> **Problem to work on**: Return all the lines below exactly as written. Drop every picture.
(Data provided)
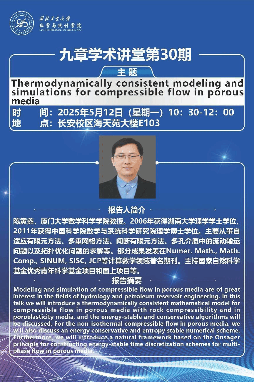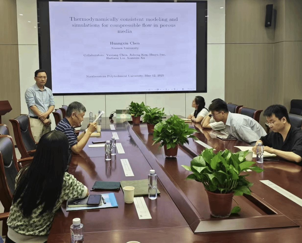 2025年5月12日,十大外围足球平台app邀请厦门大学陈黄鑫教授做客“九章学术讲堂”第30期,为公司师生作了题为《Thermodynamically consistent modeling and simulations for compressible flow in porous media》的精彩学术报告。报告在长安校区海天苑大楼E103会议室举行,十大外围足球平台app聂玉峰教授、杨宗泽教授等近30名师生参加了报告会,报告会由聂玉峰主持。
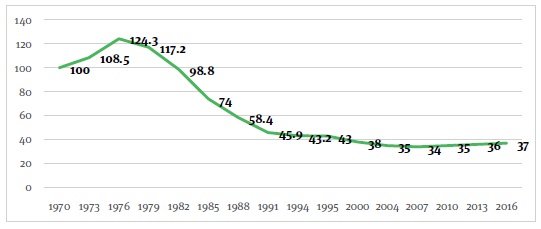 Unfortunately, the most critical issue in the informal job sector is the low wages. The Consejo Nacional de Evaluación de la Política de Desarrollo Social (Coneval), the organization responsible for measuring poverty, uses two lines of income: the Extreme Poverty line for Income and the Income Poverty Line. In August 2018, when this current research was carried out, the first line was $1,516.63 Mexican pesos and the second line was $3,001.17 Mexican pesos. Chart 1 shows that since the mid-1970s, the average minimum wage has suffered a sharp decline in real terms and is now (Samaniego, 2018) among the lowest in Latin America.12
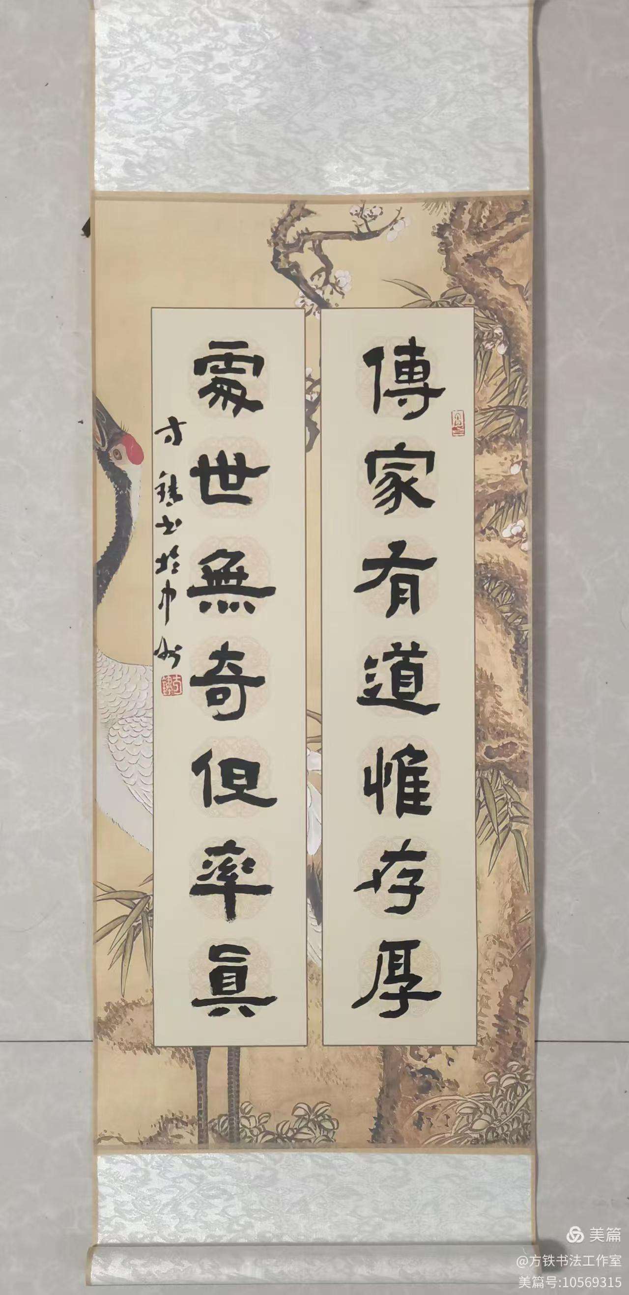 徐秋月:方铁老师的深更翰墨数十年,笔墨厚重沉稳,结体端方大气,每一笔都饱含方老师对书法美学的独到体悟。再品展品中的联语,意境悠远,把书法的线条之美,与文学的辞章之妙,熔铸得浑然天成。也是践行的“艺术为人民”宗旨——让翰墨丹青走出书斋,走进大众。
(End Data provided)
> **Solution for this problem**:
 2025年5月12日,十大外围足球平台app邀请厦门大学陈黄鑫教授做客“九章学术讲堂”第30期,为公司师生作了题为《Thermodynamically consistent modeling and simulations for compressible flow in porous media》的精彩学术报告。报告在长安校区海天苑大楼E103会议室举行,十大外围足球平台app聂玉峰教授、杨宗泽教授等近30名师生参加了报告会,报告会由聂玉峰主持。
 Unfortunately, the most critical issue in the informal job sector is the low wages. The Consejo Nacional de Evaluación de la Política de Desarrollo Social (Coneval), the organization responsible for measuring poverty, uses two lines of income: the Extreme Poverty line for Income and the Income Poverty Line. In August 2018, when this current research was carried out, the first line was $1,516.63 Mexican pesos and the second line was $3,001.17 Mexican pesos. Chart 1 shows that since the mid-1970s, the average minimum wage has suffered a sharp decline in real terms and is now (Samaniego, 2018) among the lowest in Latin America.12
 徐秋月:方铁老师的深更翰墨数十年,笔墨厚重沉稳,结体端方大气,每一笔都饱含方老师对书法美学的独到体悟。再品展品中的联语,意境悠远,把书法的线条之美,与文学的辞章之妙,熔铸得浑然天成。也是践行的“艺术为人民”宗旨——让翰墨丹青走出书斋,走进大众。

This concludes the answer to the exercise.